Fewer than one in five older Americans receive the two vaccines recommended to prevent invasive pneumococcal disease (IPD) and community-acquired pneumonia, according to a recent report from the Centers for Disease Control and Prevention (CDC) in Atlanta, GA.
"To reduce the incidence of pneumococcal disease, providers should ensure that older adults initiate and complete the recommended pneumococcal vaccination series,"? wrote CDC's Carla L. Black, PhD, and co-authors in Morbidity and Mortality Weekly Report (MMWR).
Immunization rates were highest among adults who were older (age 80 and above), white, or had chronic and immunocompromising medical conditions, the authors reported.
Since September 2014, CDC's Advisory Committee on Immunization Practices (ACIP) has recommend that adults age 65 and older receive in series both Prevnar® 13 (pneumococcal 13-valent conjugate vaccine, Wyeth) and Pneumovax®23 (pneumococcal 23-valent polysaccharide vaccine, Merck).
This replaced ACIP's previous recommendation of a single dose of Pneumovax 23 for patients age 65 and older. However, ACIP determined that 10% of community-acquired pneumonia cases and about 20% to 25% of IPD cases in this age group were caused by serotypes targeted by Prevnar 13. So the committee recommended broader protection against pneumococcal disease through use of both Prevnar 13 and Pneumovax 23 in series.

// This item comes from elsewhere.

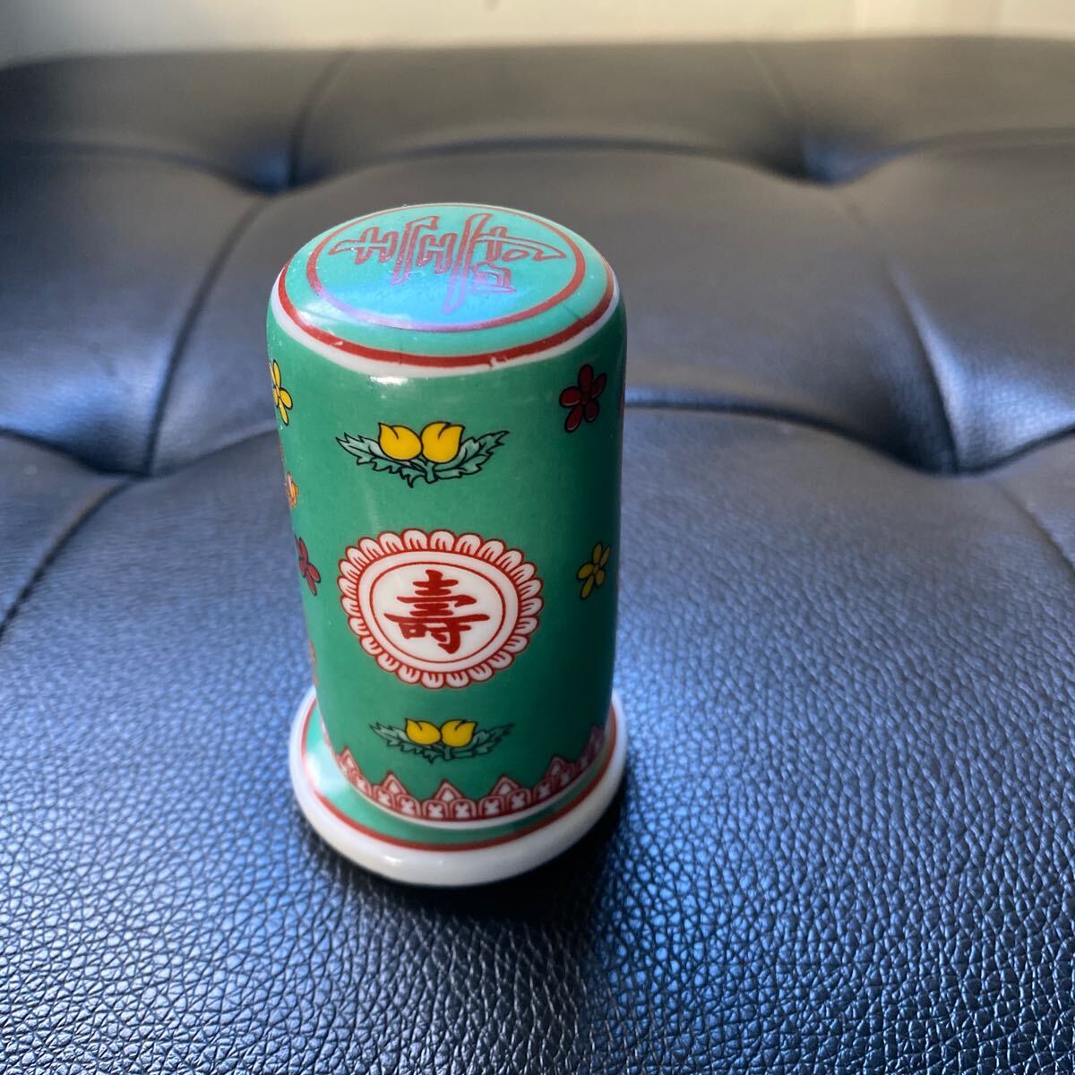 - 中国 景德鎮製 蓋つき 爪楊枝入れ つまようじ立て 陶器製 福壽 福寿

At that time, CDC estimated that adding Prevnar 13 vaccine would prevent 230 cases of IPD and about 12,000 cases of community-acquired pneumonia in the current generation of older Americans.
To find out whether ACIP's recommendation was being followed, CDC tracked vaccination claims submitted for reimbursement to the Centers for Medicare & Medicaid Services (CMS) for Medicare beneficiaries age 65 and older. CDC determined that by September 2016 only 18.3% had received both vaccines, while 31.5% had received at least one dose of Prevnar 13, and 43.2% had received at least one dose of Pneumovax 23.
"Claims for PPSV23 [Pneumovax 23] vaccination were persistently low despite long-standing recommendations for its use among adults aged >65 years,"? the MMWR authors wrote.
More than half–56.4%–of older beneficiaries had received at least one vaccine of any type.
Vaccination rates varied across age and racial demographics as well as medical conditions, CDC reported. Older beneficiaries (aged 80 to 84 years) had the highest immunization rates for all vaccine types, while those of retirement age (65 to 69 years) had the lowest. Among racial/ethnic groups, whites had the highest immunization rates (19.5% for both vaccines), while Hispanics had the lowest (6.8% for both). Also, vaccine claims for those with chronic or immunocompromising medical conditions were higher than for those without these conditions.
Rates also varied by state; claims for both vaccines ranged from a high of 34.9% in Wisconsin to a low of 9.4% in Alaska.
Health care providers could improve vaccination rates for older adults if they apply the standards for adult immunization practice, the report noted.
"Implementation of the National Vaccine Advisory Committee's standards for adult immunization practice to assess vaccination status at every patient encounter, recommend needed vaccines, and administer vaccination or refer to a vaccinating provider might help increase pneumococcal vaccination coverage and reduce the risk for pneumonia and invasive pneumococcal disease among older adults,"? the authors advised.
ACIP plans to reevaluate its recommendations in 2018, and revise them if necessary.